再過幾年,興起一股拍賣荒廢小學校的風潮,范氏兄弟長大結婚,因為老宅住不下就-->>湊錢把小學校買下了,整修之后一人一半分家。再后來,兄弟倆買了挖掘機外出包活干,在某個工地上挖出了大罐的銀元,很是發了一筆。只是聽有人說,真正值錢的不是幾百塊銀元,而是那個大罐,那個識貨的人出高價買下銀元其實就是為了讓這兩兄弟送出那個大罐。
郝剛思索這兩兄弟挖出大罐和買挖掘機順序應該倒過來,挖出銀元賣了后才有錢買的挖掘機,沒有賣銀元拿到的錢,他們買不起挖掘機。
郝剛確定東西多數在那兒,找個時間過去看看。
回到海川的郝剛接到了廣塘人的邀請,口信是張玉龍帶來的。
老張把服裝廠盤活之后,給服裝廠的老職工帶來了光明,連白加夜的干活換來了硬扎扎的票子,廣塘淳樸的老百姓還是領情的。
八仙桌坐北朝南,屋內電燈光線明亮,廣塘人還是有家底子的,能舍得用大燈泡。在一陣熱情的“請讓”聲中,郝剛做到了副位,年齡雖然小,可是正兒八經的主客。主位是廣塘村支書徐友福,一位頗為油滑的胖子,郝剛聽到徐書記和別人說話時酸酸澀澀的口氣,就知道不是好相與的主。張玉龍是主陪一手托兩家,一邊是舊主,一邊是新君。桌上還有兩個村干部,一個村電工,一個從村里走出去的大人物——滿臉傲氣的北郊派出所所長。郝剛就帶了一個人:沈大俠。

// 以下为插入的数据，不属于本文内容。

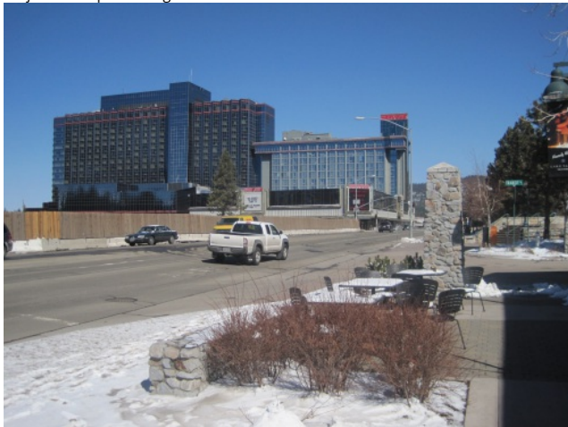
Existing US 50 Photo looking North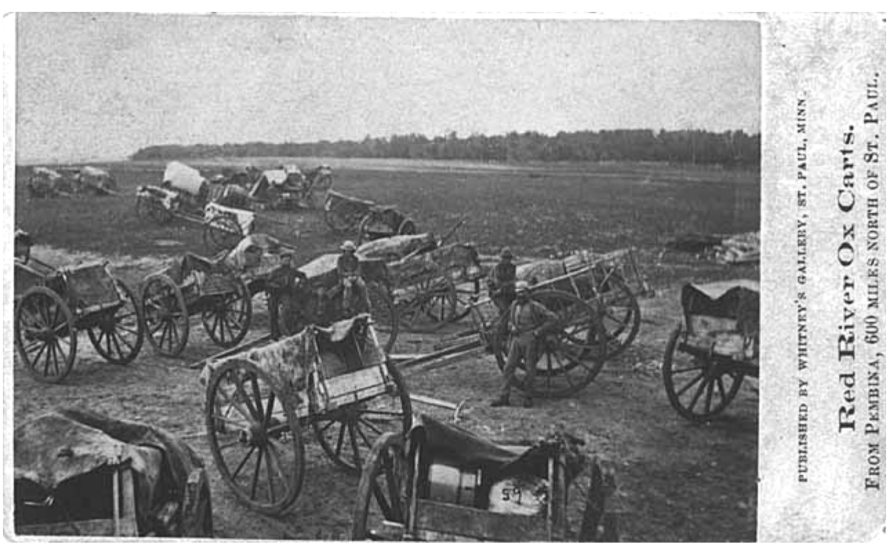
Red River ox carts from Pembina (1860). MHS Negative no. 4587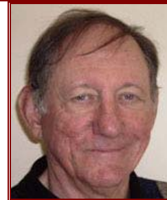
Gordon Thomson Engineering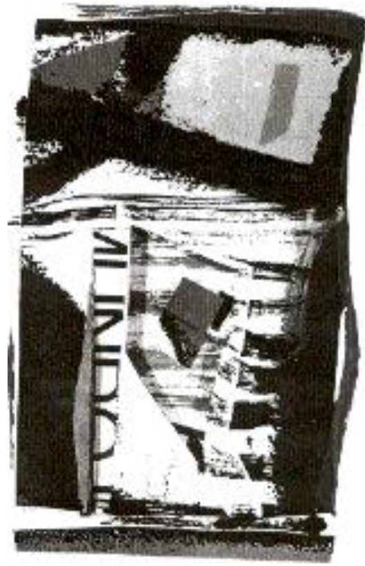
'Imprints', 1987 mixed media on paper 035X015 cm. private collection, Athens, Greece 'Imprints', 1987 mixed media on paper 035X025 cm. private collection, Athens, Greece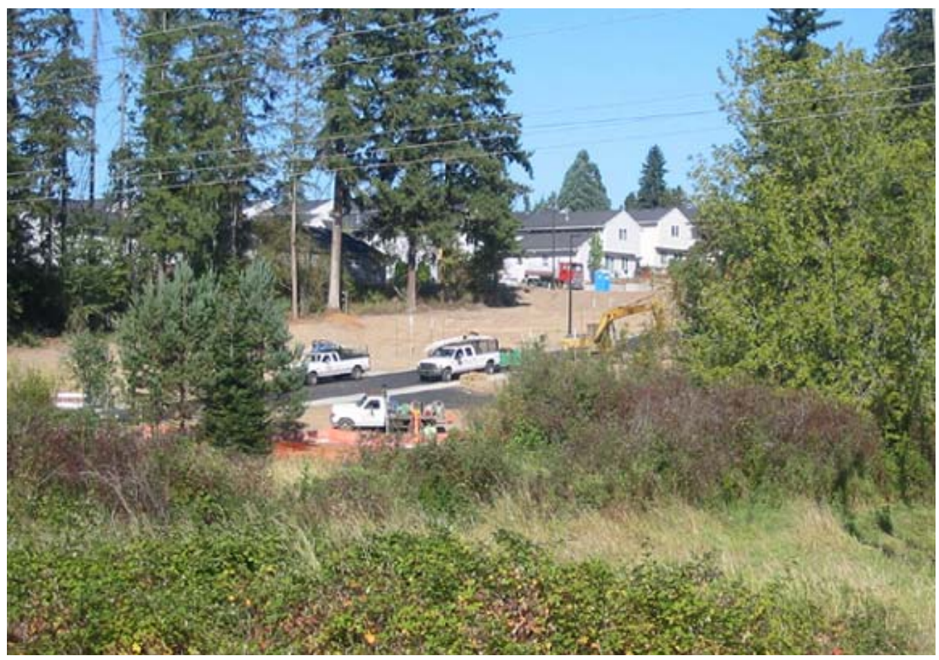
The construction of new neighborhoods is one cause of habitat loss and fragmentation, and one reason why parks, such as the power–line trail park in the foreground, are increasingly important refuges for pollinators and other wildlife.

Fragmentation of habitat is a second threat. The patches of habitat left after conversion to housing, industry, or agriculture—such as hedgerows or grassy verges—might be too small to support adequate nest sites, hostplants, or forage areas. Or, they may be too far apart. Although bees do not require large, contiguous areas of habitat, patches need to be within flying distance of each other. Most bees fly a couple of hundred yards or less between nest and forage. Butter-flies can also suffer if habitat is too fragmented.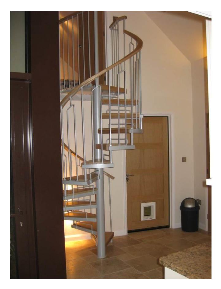
Internal Spiral Staircase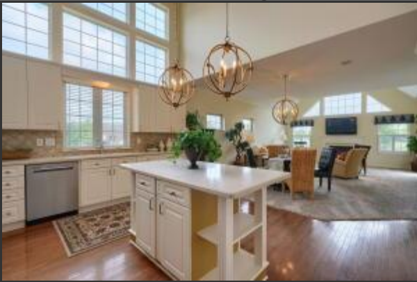
Island with storage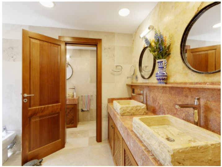
Finca with 5 bathrooms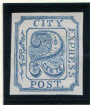
FORGERY AA 2¢ BLUE (SHADE) ON WHITE (2L4)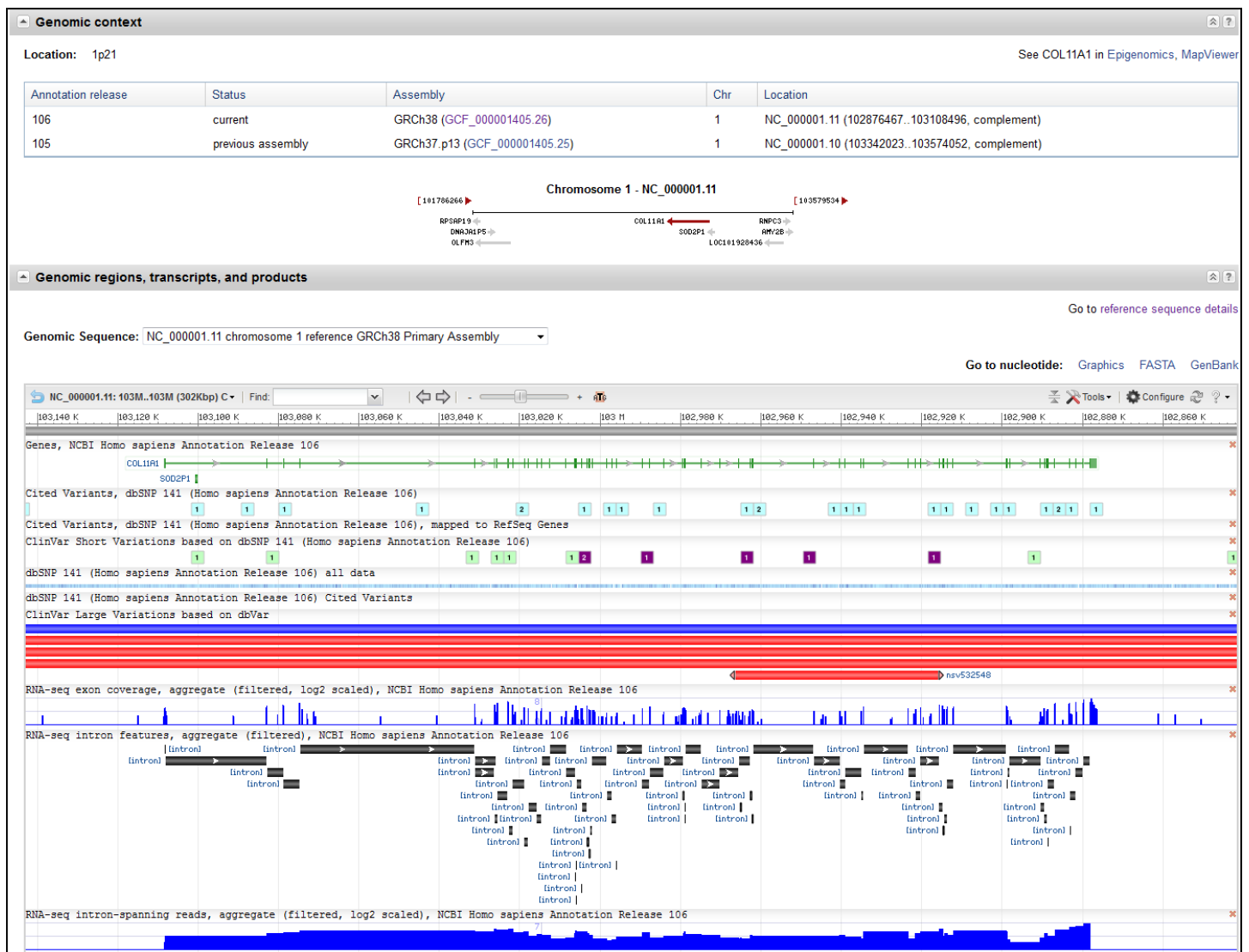
Figure 6. Genomic context and Genomic regions, transcripts, and products sections of the Full Report display. These sections provide diagrams of the gene and its neighbors, the gene's intron/exon organization, and the RefSeqs that are used to represent RNA products and their coding regions. These sections also anchor links to the sequence in FASTA and GenBank format, the full nucleotide Graphics viewer, and the NCBI Genome Data Viewer. Additional tracks may be displayed based on available data. For example, variant tracks, Ensembl annotation, and RNA-Seq coverage tracks may be displayed for human genes.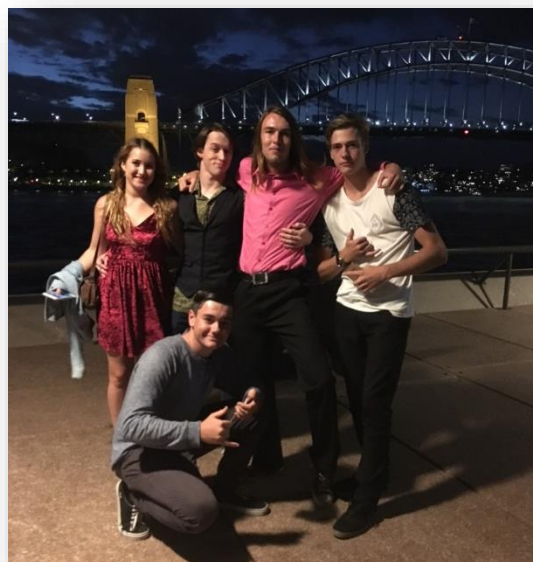
Ready for the theatre!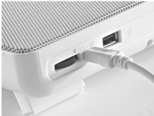
Fan Speed Dial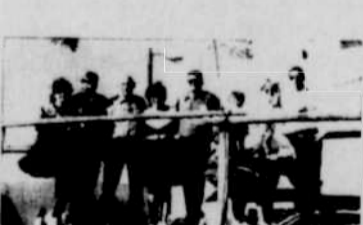
2000 Festival Square Dancers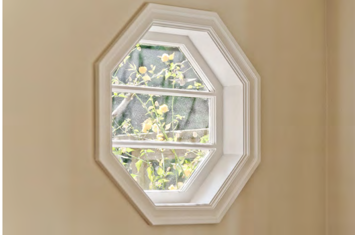
A hummingbird flickers while feeding at the spring flowers outside the octagonal window.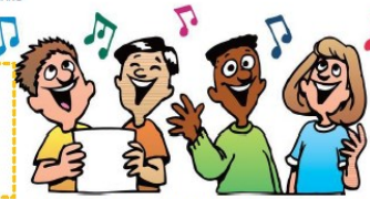
SING AUSTRALIA, ST JOHNS SCHOOL AND TRANGIE CENTRAL SCHOOL

4 x $250 Local shopping vouchers 1 x $750 Local shopping vouchers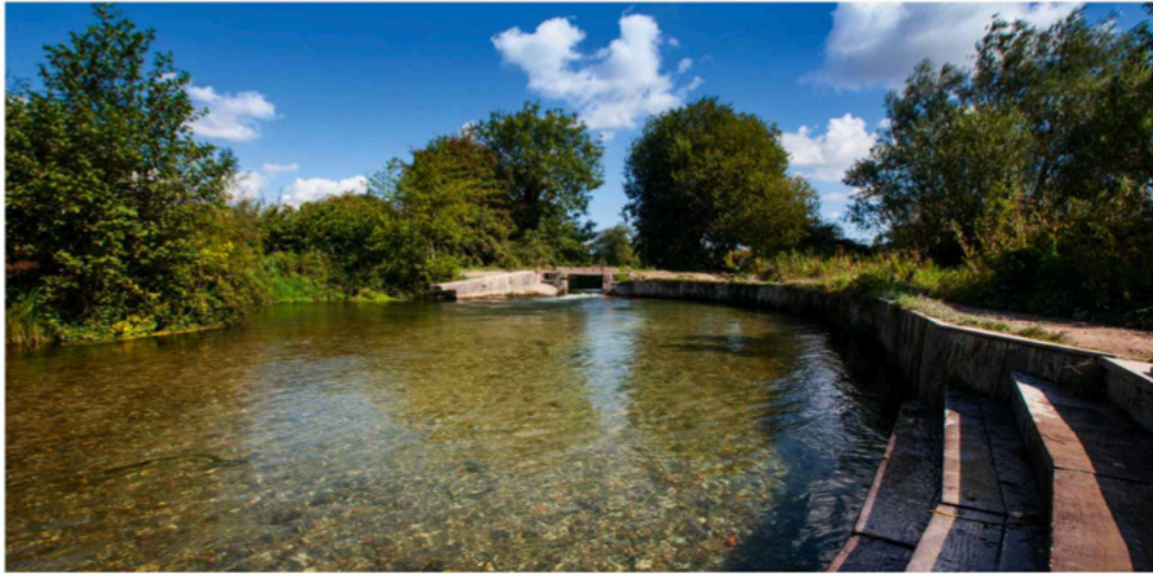
Compton Lock on the Itchen Navigation is a popular wild swimming and paddling spot for families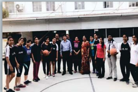
Women's Basketball Team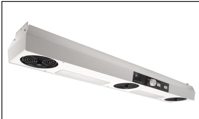
Figure 1. SCS 991A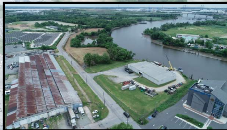
East 7 th Street - Heading East

The primary purpose of this study is to maximize future growth potential and viability of the East 7 th Street Peninsula through recommended modifications to stormwater management, land-use, and transportation network operations while mitigating flood impacts, enhancing recreational amenities and preserving the culturally and historically significant landmarks on the peninsula.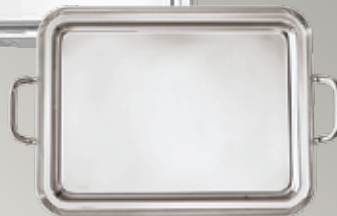
20. 'AVENUE' RECTANGULAR TRAY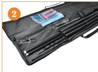
2. Open the bag.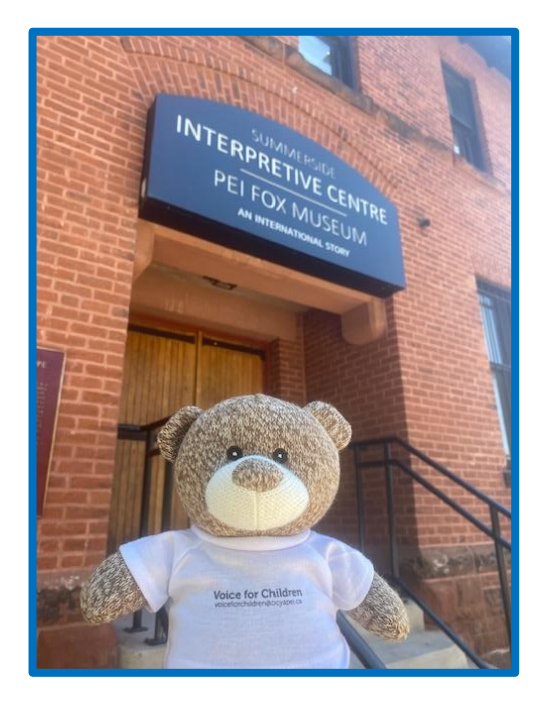
Fox Museum Hmmm...and why not a bear museum?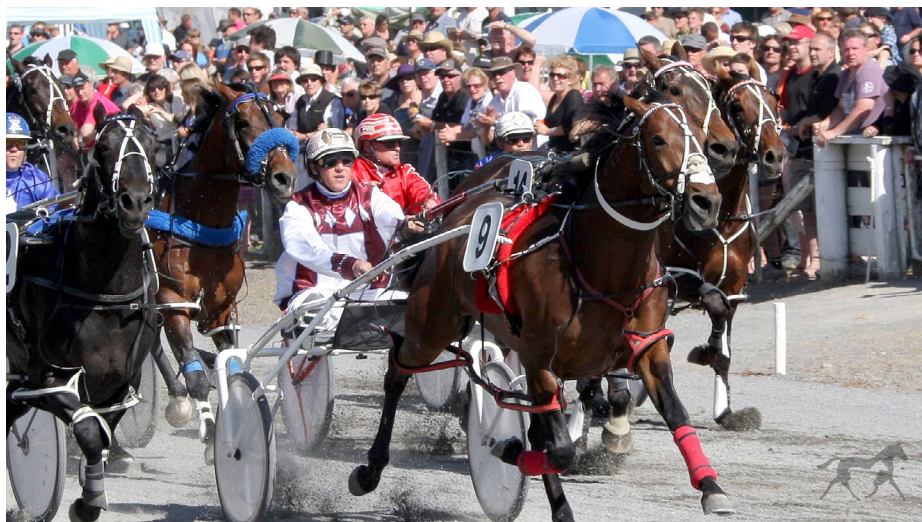
Smiling Shard (10 h Grinfromeartoeear - Sly Shard) winning the 2010 Kaikoura Cup a feat he repeated the next year!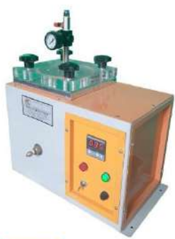
25.0202 Digital Wax Injector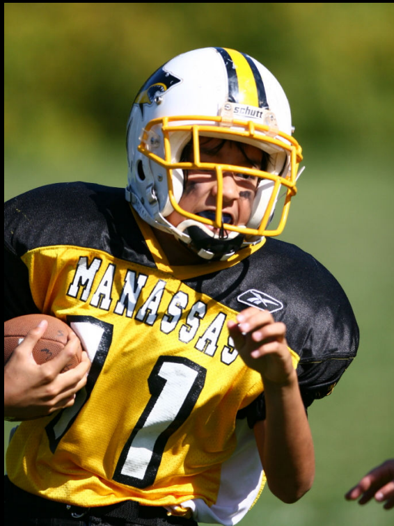
300mm with Monopod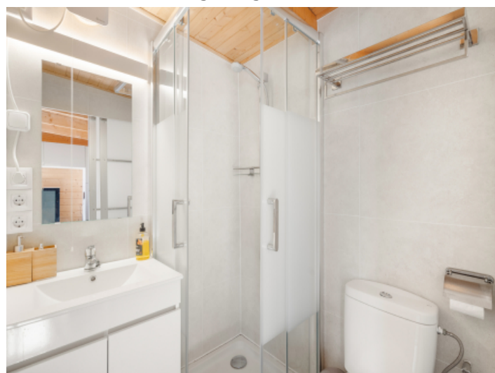
Bathroom guest house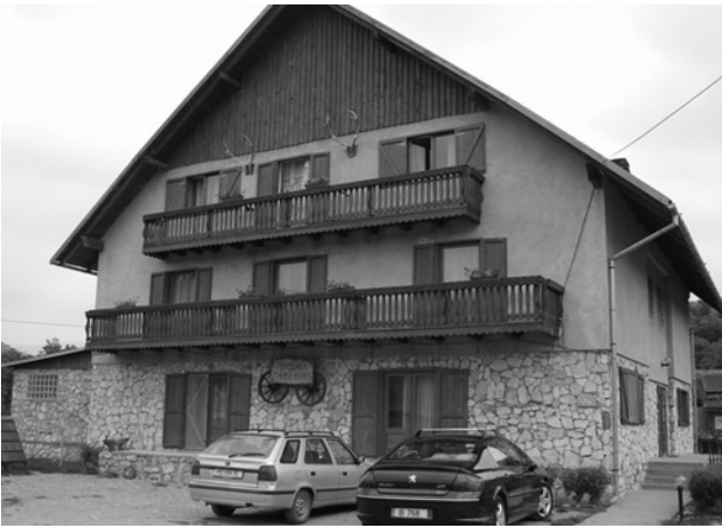
Fig. 6 Rural pension in a neutral style (Nera Land, Sasca Montană, Olaru, 2009)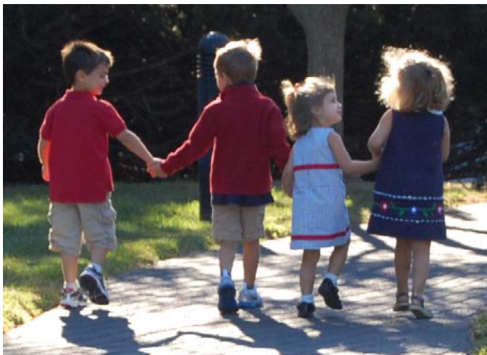
CCEP First Day

酒酣耳熱,沈大俠滿面通紅,端著杯子一個個敬過去。作為學生的郝剛不喝酒,那沈大俠就不能說不行了,再說了沈大俠一點七五kg的酒量老喝自家的酒心疼啊。不過海川大曲真的不入沈大俠的眼,梅七他們從酒廠弄出來的東西不是海川大曲能比的。老劉頭在郝剛狂轟亂炸的禮物圍攻中,實在不好意思,專門去廠里調制了一批酒,用沈大俠的話說,絕門的好喝,可惜都被郝剛用壇子封存了。
屋角里一溜的空酒瓶。徐書記已經歪歪倒到,陳所長也在胡亂語,看樣子,大家都差不多了吧。
酒宴終于結束了,充當跑堂的徐書記的閨女躲躲閃閃的瞟著沈大俠,指著嘴角的米粒,悄無聲惜遞過自己的手絹。
沈大俠莫名其妙擦了嘴角,遞回手絹,走出房門,依然龍行虎步、氣勢洶洶。陳所長頗為羨慕,“大俠啊,真是海量。”
這一晚,沈紅旗默默無聞,沈大俠酒量名震海川。
“陳所長,海川喝酒你算一個對手。”沈大俠久經考驗,場面話隨口就來,轉身拿過一個紙包,“郝剛不準我抽煙,別人給的我也沒用,老哥你拿去抽,不值錢。”
“那我就收著了。”陳所長掂量著估計有四條煙,很滿意。
“改天我帶幾個兄弟去灌你個人仰馬翻,找幾個能喝的啊。”沈大俠豪氣的邀約。
“我等著!”陳所長豪氣的應戰。
郝剛陪著徐書記從廁所回來,“郝剛啊,娟子初中畢業了,我也沒讓她吃過苦,這兩年也沒好的去處,你看能安排進服裝廠做個會計吧。”
宴無好宴,郝剛早有思想準備。“服裝廠多苦啊,也不適合娟子,不如去店里,輕松還好看。”
“大俠,你問下娟子愿意去店里嗎,先培養著,上手了就接李波的店長。”郝剛沖著沈大俠高喊。
“我愿意!”興奮的徐小娟像婚禮上的新娘。
郝剛和熱情的徐書記告別著,東廣的路邊,張玉龍陪著一個瘦瘦的身影也在默默等待著。